第5話・幽閉城デュナミスと城巨人エネルゲイア③ラスト
妖精スプライトのリーダーは、ペンライトたちを隠し扉で隔てた、城のシークレットエリアに案内した。
シークレットエリアには、魚を城内で養殖している城内池や、少ない太陽光を鏡の反射を利用して城奥の畑で野菜などを栽培している場所もあった。
それを見て感心する老職人。
「ふんっ、幽閉の城なのにとんでもない──この城は戦闘に特化した長期戦向けの〝要塞籠城〟だ」
スプライトのリーダーが、自慢気に説明する。
「甘い蜜が採取できる樹木の場所や、壁や床に岩塩の結晶が染み出ている場所もあるぞ……あとは、オレたち北の妖精種には必要はないが……人間が高価だと価値する鉱石が生まれ続けている場所もある……欲しかったら好きなだけ持っていって、売って資金にすればいい」
スターライトが呟く。
「まるで、この城自体が一つの国ですね……自給自足で産業も成り立ちます」
ペンライトが、スプライト族のリーダーに質問する。
「ところで、あなたの名前の件ですが……名称案が二つあります、一つは【アレクサンドライト】もう一つは【エンジェライト】……どちらがいいですかペン」
「短い方が覚えられて言いやすいオレ名前は『エンジェライト』でいいよ……オレの方からも質問だけれど」
エンジェライトと名づけられた、銀髪褐色のフェアリーはペンライトの周囲を飛び回りながら質問する。

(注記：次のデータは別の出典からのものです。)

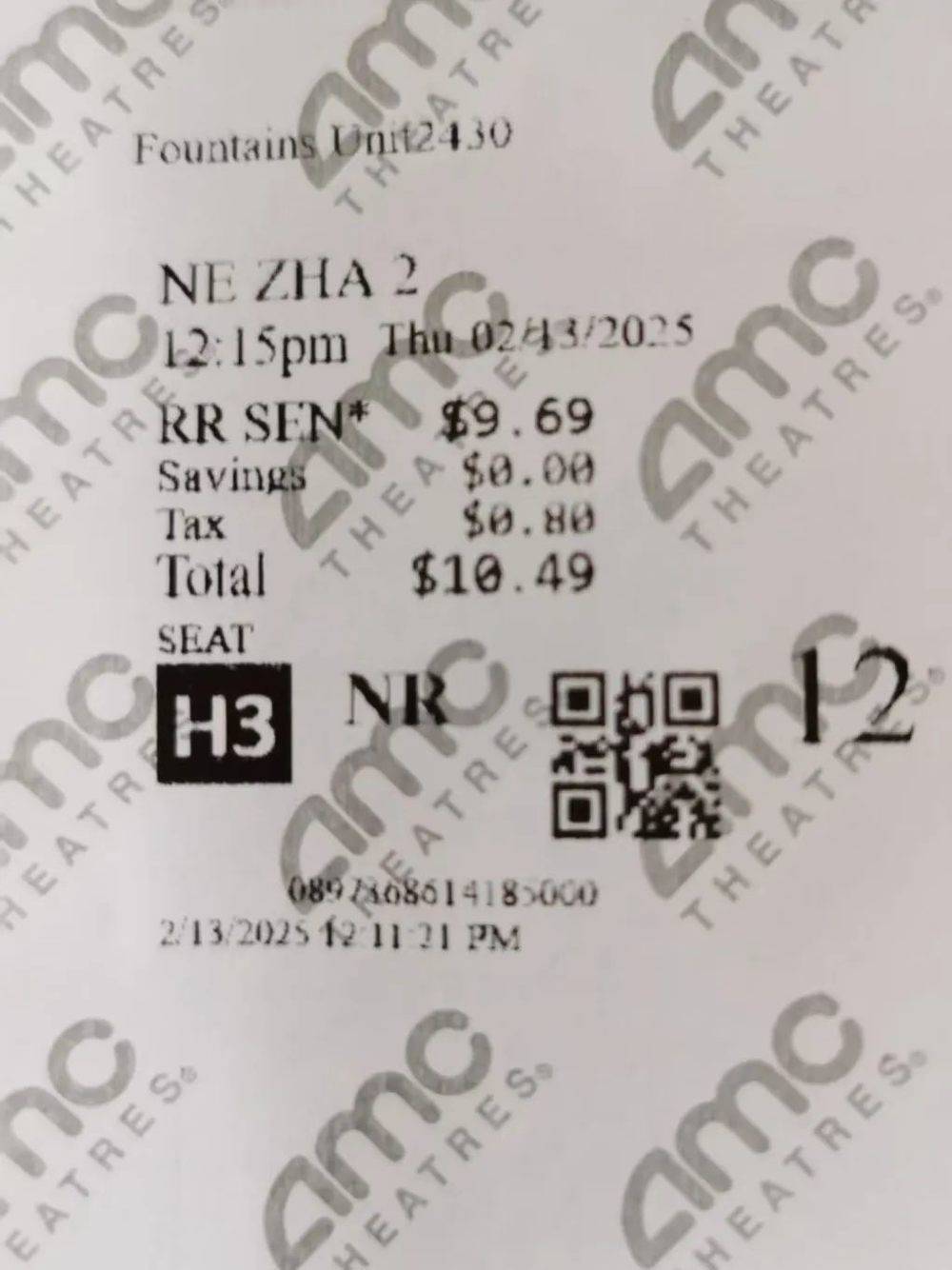 作者2月13日在美国AMC影院看《哪吒2》的电影票。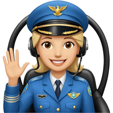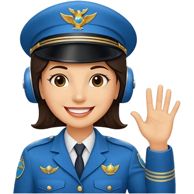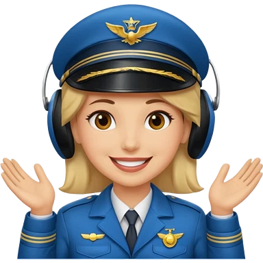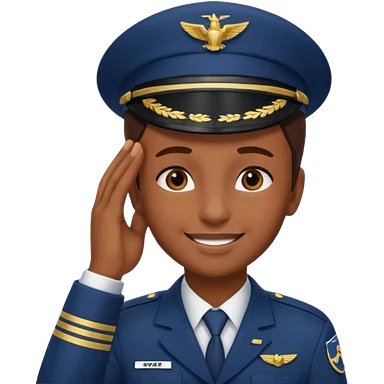 Un piloto de linea aérea sonriendo con la mano en la frente con la pose firme emoji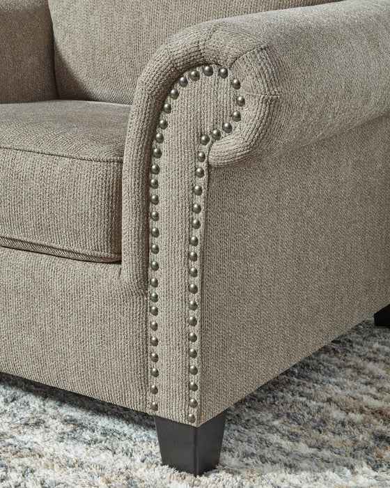 Details Corner-blocked frame, Attached back and loose seat cushion, High-quality foam cushions wrapped in poly fiber, Polyester chenille upholstery, Black nickel-tone nailhead trim, Exposed feet with faux wood finish, Platform foundation system resists sagging 3x better than spring system after 20,000 testing cycles by providing more even support, Smooth platform foundation maintains tight, wrinkle-free look without dips or sags that can occur over time with sinuous spring foundations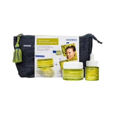 KORRES Santorini Grape Pore Refining Expert Duo, Value Set of Day Cream 40 ml and Elixir 15 for Velvety Soft Skin a Radiant Glow, Silicone Paraben Free, Vegan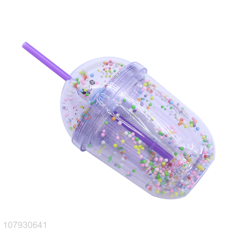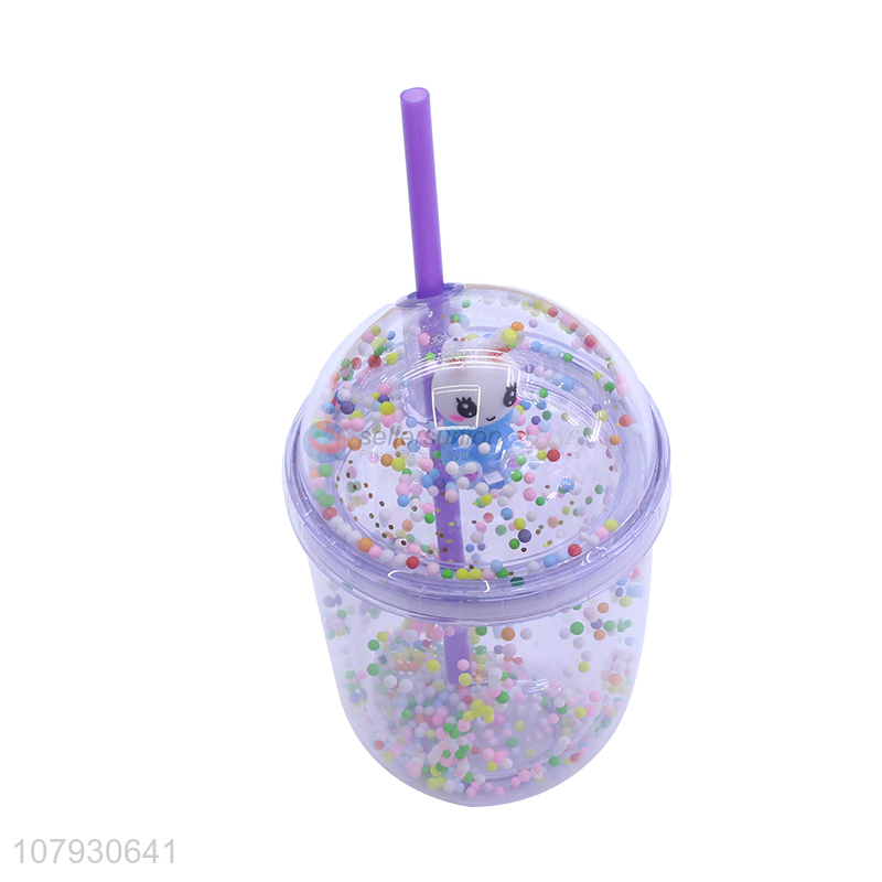Online wholesale colorful beads double-walled water tumbler with straw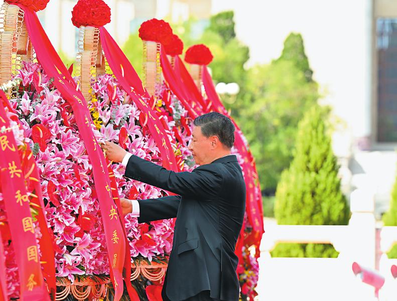 九月三十日上午,党和国家领导人习近平、李强、赵乐际、王沪宁、蔡奇、丁薛祥、李希、韩正等来到北京天安门广场,出席烈士纪念日向人民英雄敬献花篮仪式。这是习近平整理花篮上的缎带。新华社记者殷博古摄九月三十日上午,党和国家领导人习近平、李强、赵乐际、王沪宁、蔡奇、丁薛祥、李希、韩正等来到北京天安门广场,出席烈士纪念日向人民英雄敬献花篮仪式。新华社记者申宏摄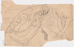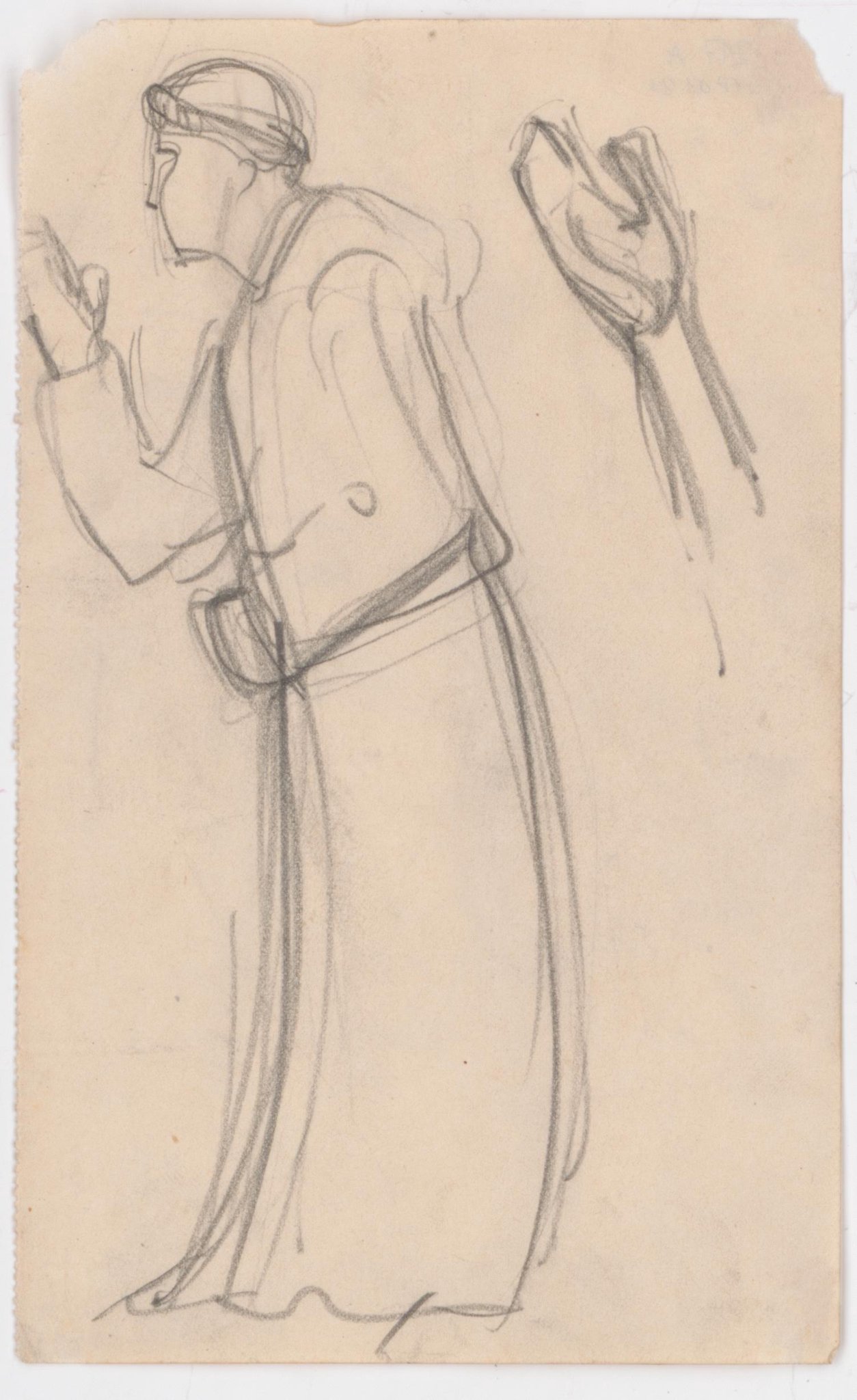 Plus de 70 projets peuvent être rattachés aux vitraux de Saint-Paul, et 51 aux trois vitraux des bas-côtés, mais l’ensemble n’est probablement pas complet. Pour le vitrail de saint François, il existe 12 oeuvres graphiques, dont sept peuvent être reliées à la scène médiane du vitrail (MP_01.20 ; MP_01.22 ; MP_01.21 ; MP_01.25 ; MP_01.26 ; MP_01.27 ; MP_01.75). Sur cette esquisse, l'artiste dessine le saint de profil, le dos légèrement baissé. On peut la relier à une première version de la scène de saint François prêchant aux oiseaux, dans laquelle le saint est représenté debout à droite devant un étang sur lequel flotte deux cygnes (MP_01.75). Peut-être à la demande du commanditaire, l'abbé Jacquet, l'artiste abandonnera cette version pour opter dans ses projets suivants (MP_01.25 ; MP_01.26 ; MP_01.27) pour une construction plus symétrique, où le saint occupe une place centrale, importante pour l'équilibre visuel de l'ensemble du vitrail. Une autre esquisse similaire le montre dans une posture complètement identique à celle du projet avec les cygnes (MP_01.22).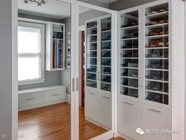 拉斐尔全屋定制来给大家讲讲,在紧挨墙柜右侧墙面是一组宽大的双开门衣柜,与鞋柜形成90度拐角,两扇衣柜门上各镶嵌通体的镜子,方便家人出门前整理自己的仪容仪表,同时也增强了衣帽间的空间感,让衣帽间视野更开阔。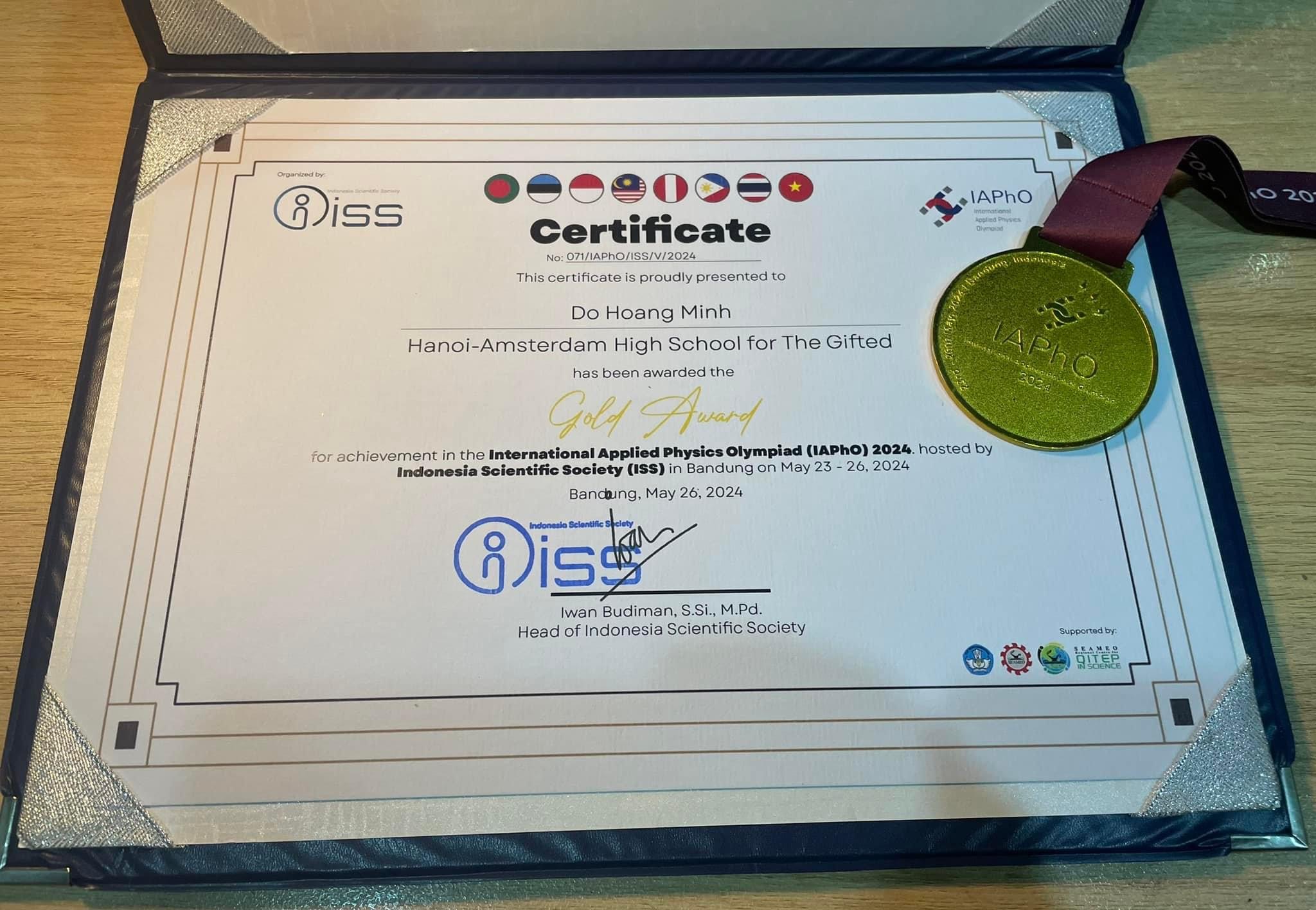 GGV phấn khởi tự hào khi nhận được thông tin cựu học viên GGV – Đỗ Hoàng Minh (hiện đang học tại (THPT chuyên Hà Nội – Amsterdam) đã xuất sắc đạt giải Vàng cho cuộc thi Vật lý ứng dụng Quốc tế (International Applied Physics Olympiad – IAPhO 2024). Cuộc thi được tổ chức bởi Hiệp hội Khoa học Indonesia (Indonesian Scientific Society – ISS) kéo dài từ ngày 23 đến 26/5 tại thành phố Bandung, Indonesia. Em đã vượt qua nhiều thí sinh tham dự tới từ các nước như Indonesia, Thái Lan, Bangladesh, Philippines, Malaysia, Estonia, Peru và Việt Nam để trở thành 1 trong 5 bạn xuất sắc đạt giải Vàng danh giá tại cuộc thi.

「この城を動かして、あんたいったい何をするつもりだ?」
ペンライトはエンジェライトに事情を説明してから、落ち着いた口調で言った。
「『デス家』の計画を邪魔するペン」
ペンライトの言葉を聞いて、高らかに笑いだすエンジェライト。
「ははははっ、ムカつくデス家の噂はオレたちの耳にも届いている。あんた最高だよ! デス家に牙を向ける人間なんて初めて見た……おもしれぇ! 協力するぜ」
そしてついに、幽閉城デュナミスのリノベーション工事は完了した。
外見はまったく変化が無い城の変形レバーを、握り締めた老職人が後方で見守っている者たちに、視線で変形起動の確認をする。
うなづく、ペンライト。
スプライトたちが吹き鳴らす、角笛の音色が響き。
老職人は、幽閉城デュナミスの変形レバーを倒しながら叫ぶ。
「リノベーション! 【城巨人エネルゲイア】」
巨人形態に変形した古城が、ゆっくりと歩き出す。
城巨人エネルゲイアの夕日に染まるバルコニーで。
ペンライト、スターライト。エンジェライト、老職人の四人は感無量の表情で高台からの景色を眺めた。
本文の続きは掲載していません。